My .dependabot/config.yaml did look like:

version: 1
update_configs:
  - package_manager: "python"
    directory: "/"
    update_schedule: "live"
    automerged_updates:
      - match:
          dependency_type: "all"
          update_type: "all"

I've got the following working:

version: 2
updates:
- package-ecosystem: pip
  directory: "/"
  schedule:
    interval: daily

but I can't seem to add the automerge option again (when checking with the dependabot validator)?

回答1:

Auto-merge was disabled on the Dependabot into GitHub:

Auto-merge will not be supported in GitHub-native Dependabot for the foreseeable future. We know some of you have built great workflows that rely on auto-merge, but right now, we’re concerned about auto-merge being used to quickly propagate a malicious package across the ecosystem. We recommend always verifying your dependencies before merging them.

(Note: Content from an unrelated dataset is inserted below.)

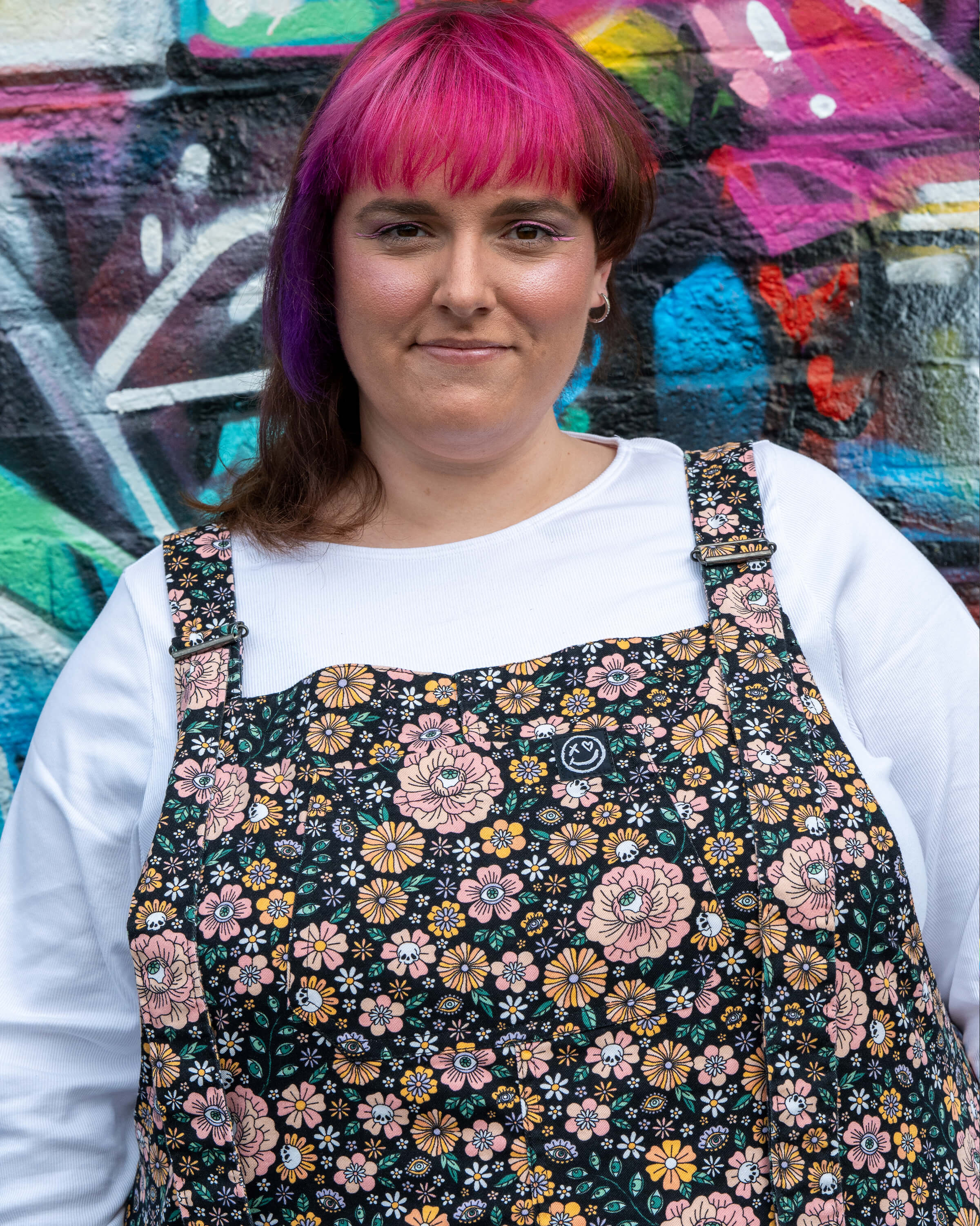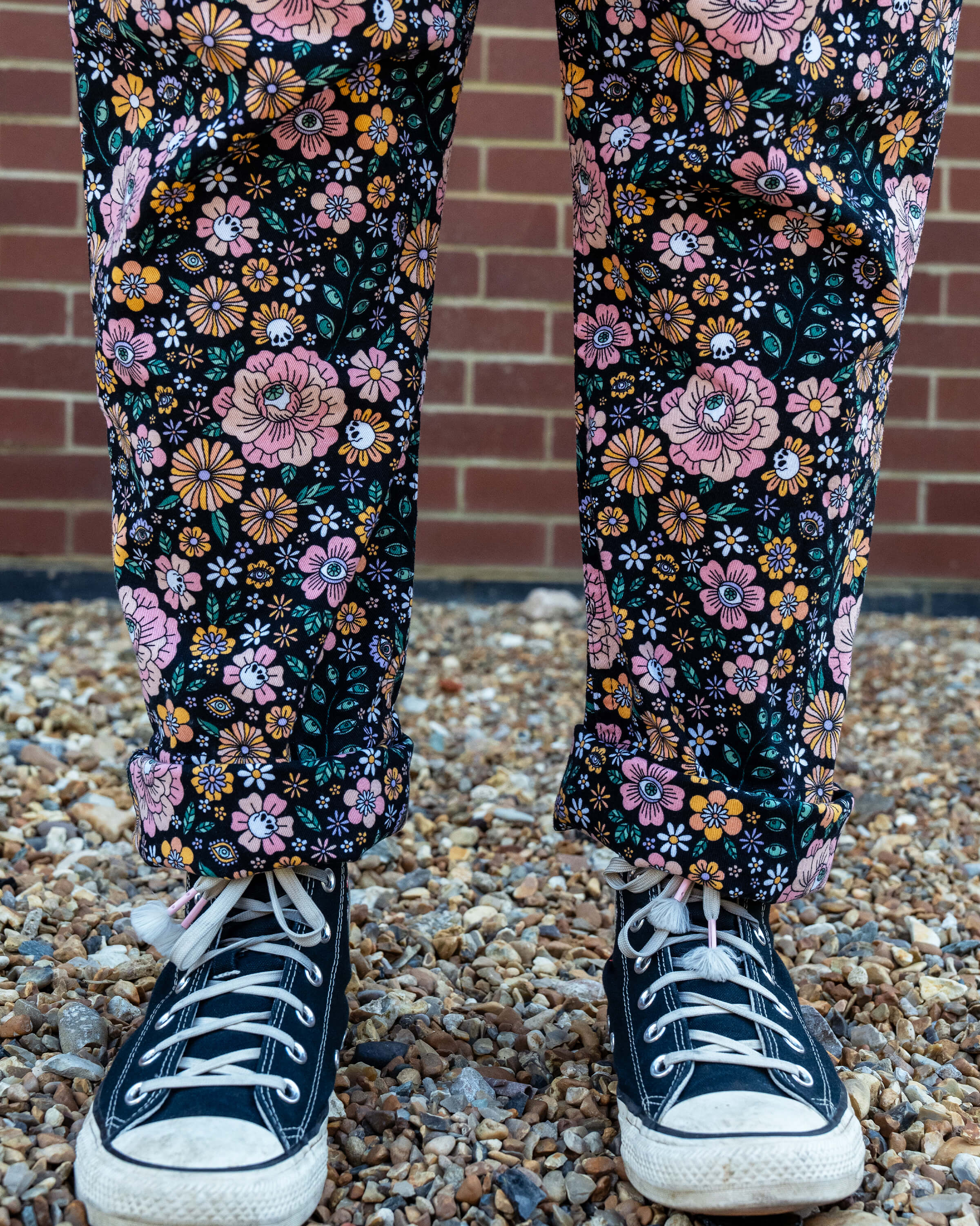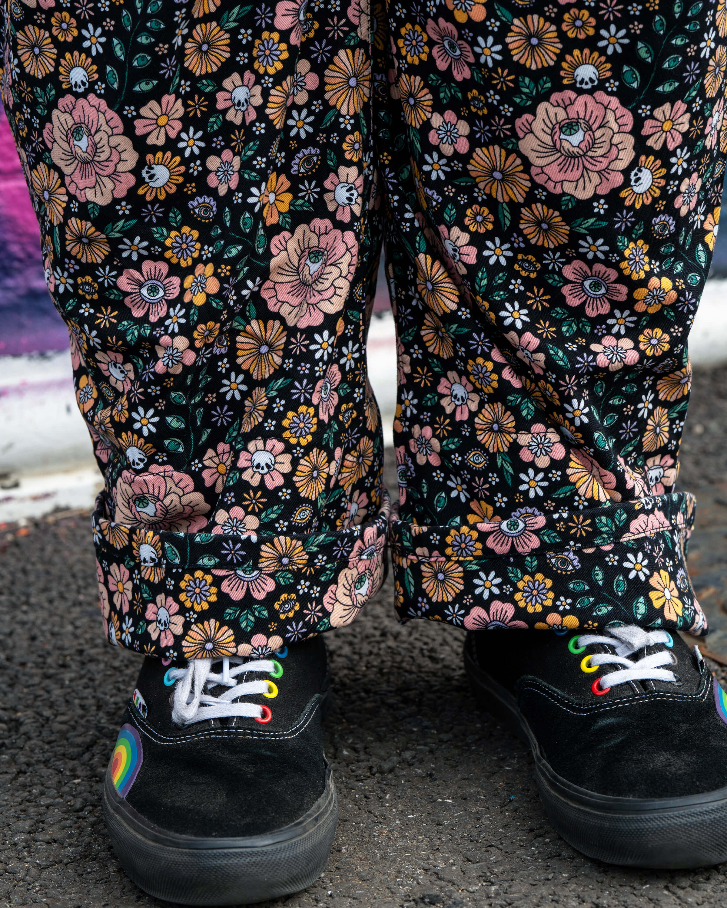 Get ready to turn heads and bloom in style! Our Eye Spy Floral Dungarees are anything but ordinary. With a bold print that mixes dreamy daisies, mystical eyes, secret skulls and power petals, these dungas are a whimsical explosion of secretly spooky florals.
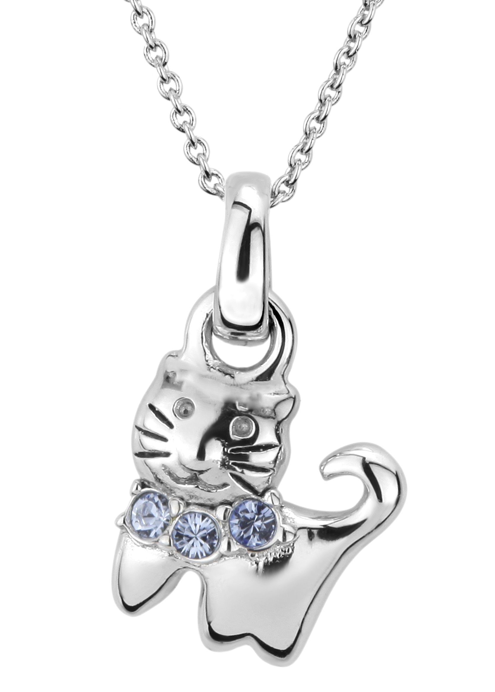Traveller Anhänger mit Kette - Katze Feles - Mädchen - Sterling Silber - Kristalle - Hell Blau

There are some hacks to accomplish this job, you can check GitHub dependabot-core issue #1973 for some ideas.

回答2:

Here is one solution that doesn't require any additional marketplace installations (originally found here). Simply create a new GitHub workflow (e.g. .github/workflows/dependabotautomerge.yml) containing:

name: "Dependabot Automerge - Action"

on:
  pull_request:

jobs:
  worker:
    runs-on: ubuntu-latest

    if: github.actor == 'dependabot[bot]'
    steps:
      - name: automerge
        uses: actions/github-script@0.2.0
        with:
          script: |
            github.pullRequests.createReview({
              owner: context.payload.repository.owner.login,
              repo: context.payload.repository.name,
              pull_number: context.payload.pull_request.number,
              event: 'APPROVE'
            })
            github.pullRequests.merge({
              owner: context.payload.repository.owner.login,
              repo: context.payload.repository.name,
              pull_number: context.payload.pull_request.number
            })
          github-token: ${{github.token}}

There are also various third-party solutions available on GitHub Marketplace.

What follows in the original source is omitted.